::: Stored data

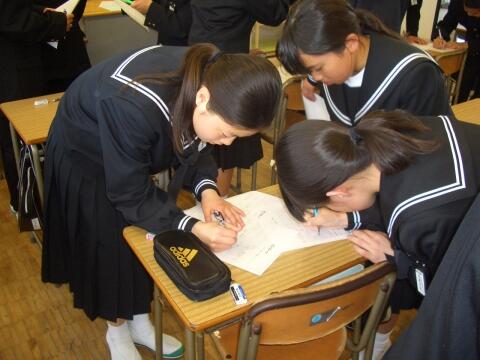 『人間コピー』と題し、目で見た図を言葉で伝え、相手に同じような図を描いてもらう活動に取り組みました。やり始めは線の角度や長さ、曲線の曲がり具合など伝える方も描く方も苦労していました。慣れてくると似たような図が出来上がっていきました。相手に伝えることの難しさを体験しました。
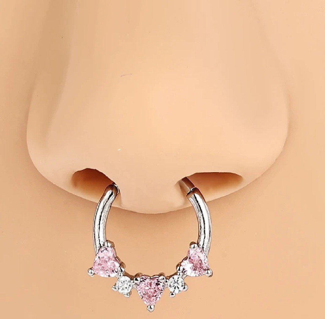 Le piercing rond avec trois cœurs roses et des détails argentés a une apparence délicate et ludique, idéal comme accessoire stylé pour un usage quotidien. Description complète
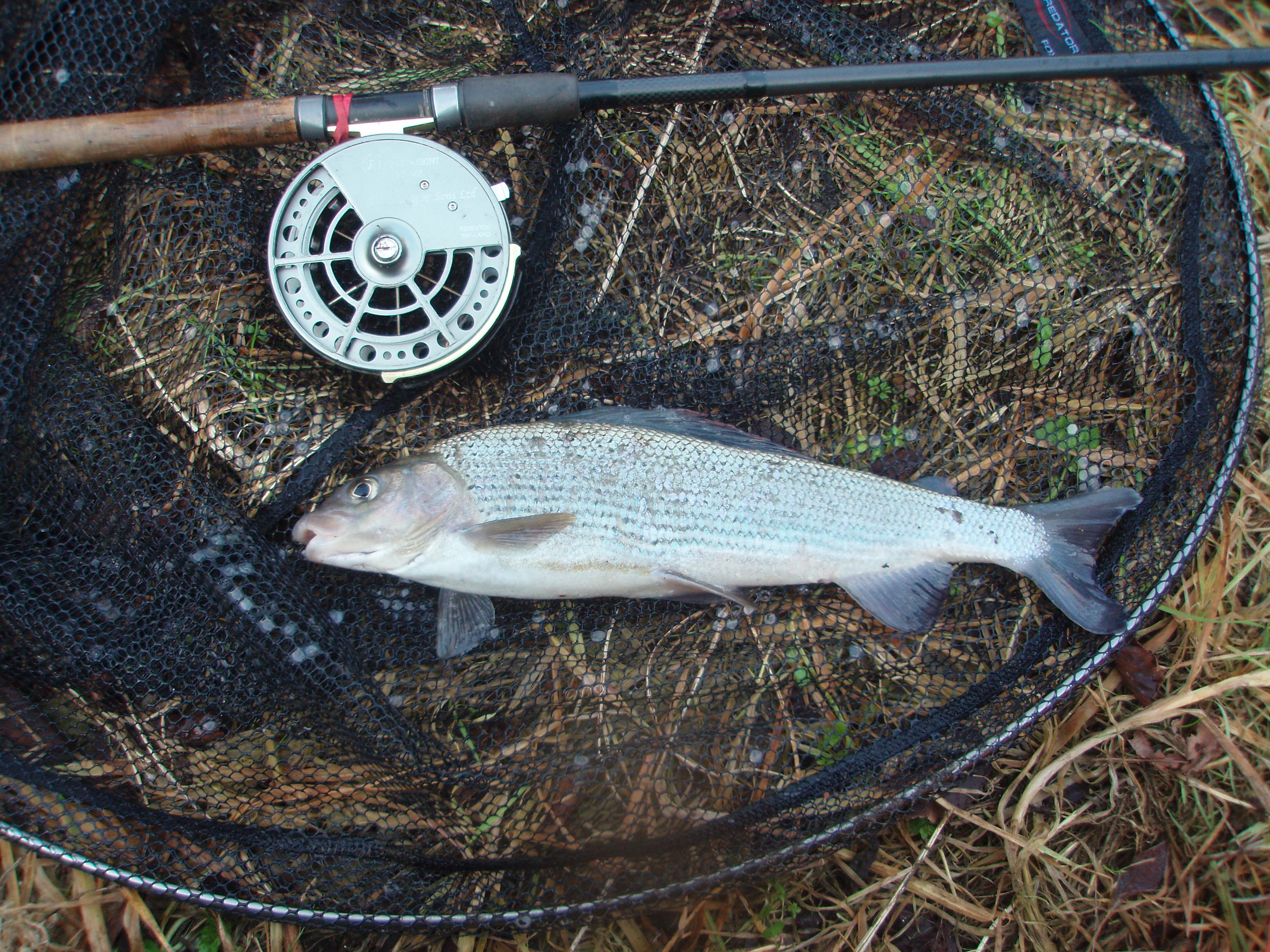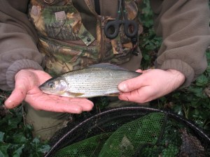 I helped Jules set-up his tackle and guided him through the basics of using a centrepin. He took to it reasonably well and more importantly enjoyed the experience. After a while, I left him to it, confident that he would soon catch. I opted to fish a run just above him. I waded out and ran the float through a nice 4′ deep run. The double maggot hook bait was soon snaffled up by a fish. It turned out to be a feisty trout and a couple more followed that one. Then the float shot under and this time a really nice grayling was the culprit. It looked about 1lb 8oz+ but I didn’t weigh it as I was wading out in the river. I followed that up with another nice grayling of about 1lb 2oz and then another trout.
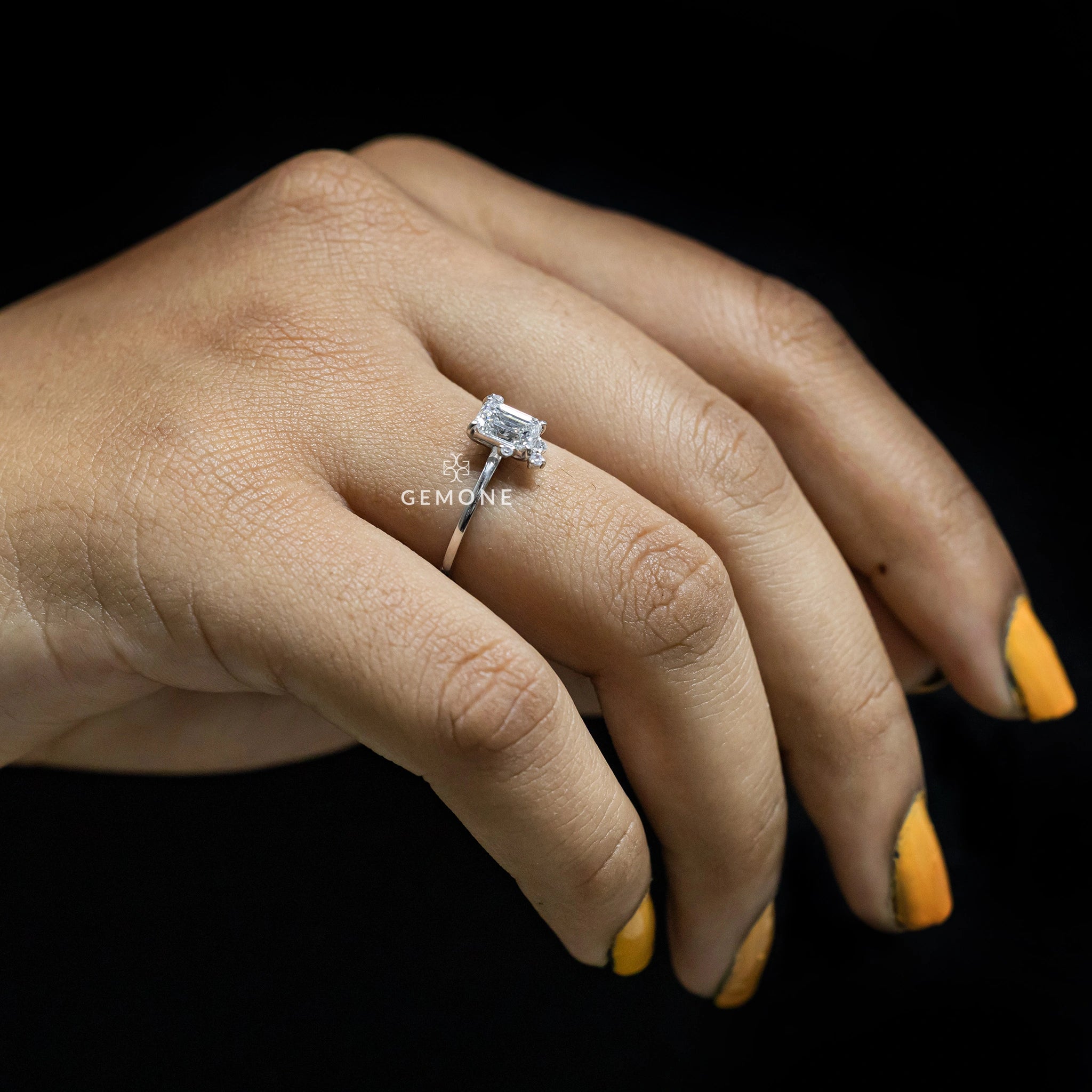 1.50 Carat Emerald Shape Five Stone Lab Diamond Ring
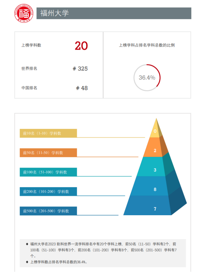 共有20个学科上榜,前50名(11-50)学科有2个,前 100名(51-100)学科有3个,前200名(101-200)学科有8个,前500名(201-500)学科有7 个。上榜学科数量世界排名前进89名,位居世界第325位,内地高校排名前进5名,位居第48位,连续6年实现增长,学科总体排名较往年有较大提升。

::::::

Assignment – Reproduce exactly, and only, the lines from the opening line of the listing above through the line holding "1.50 Carat Emerald", minus the pictures.

Exercise response –
 『人間コピー』と題し、目で見た図を言葉で伝え、相手に同じような図を描いてもらう活動に取り組みました。やり始めは線の角度や長さ、曲線の曲がり具合など伝える方も描く方も苦労していました。慣れてくると似たような図が出来上がっていきました。相手に伝えることの難しさを体験しました。
 Le piercing rond avec trois cœurs roses et des détails argentés a une apparence délicate et ludique, idéal comme accessoire stylé pour un usage quotidien. Description complète
 I helped Jules set-up his tackle and guided him through the basics of using a centrepin. He took to it reasonably well and more importantly enjoyed the experience. After a while, I left him to it, confident that he would soon catch. I opted to fish a run just above him. I waded out and ran the float through a nice 4′ deep run. The double maggot hook bait was soon snaffled up by a fish. It turned out to be a feisty trout and a couple more followed that one. Then the float shot under and this time a really nice grayling was the culprit. It looked about 1lb 8oz+ but I didn’t weigh it as I was wading out in the river. I followed that up with another nice grayling of about 1lb 2oz and then another trout.
 1.50 Carat Emerald Shape Five Stone Lab Diamond Ring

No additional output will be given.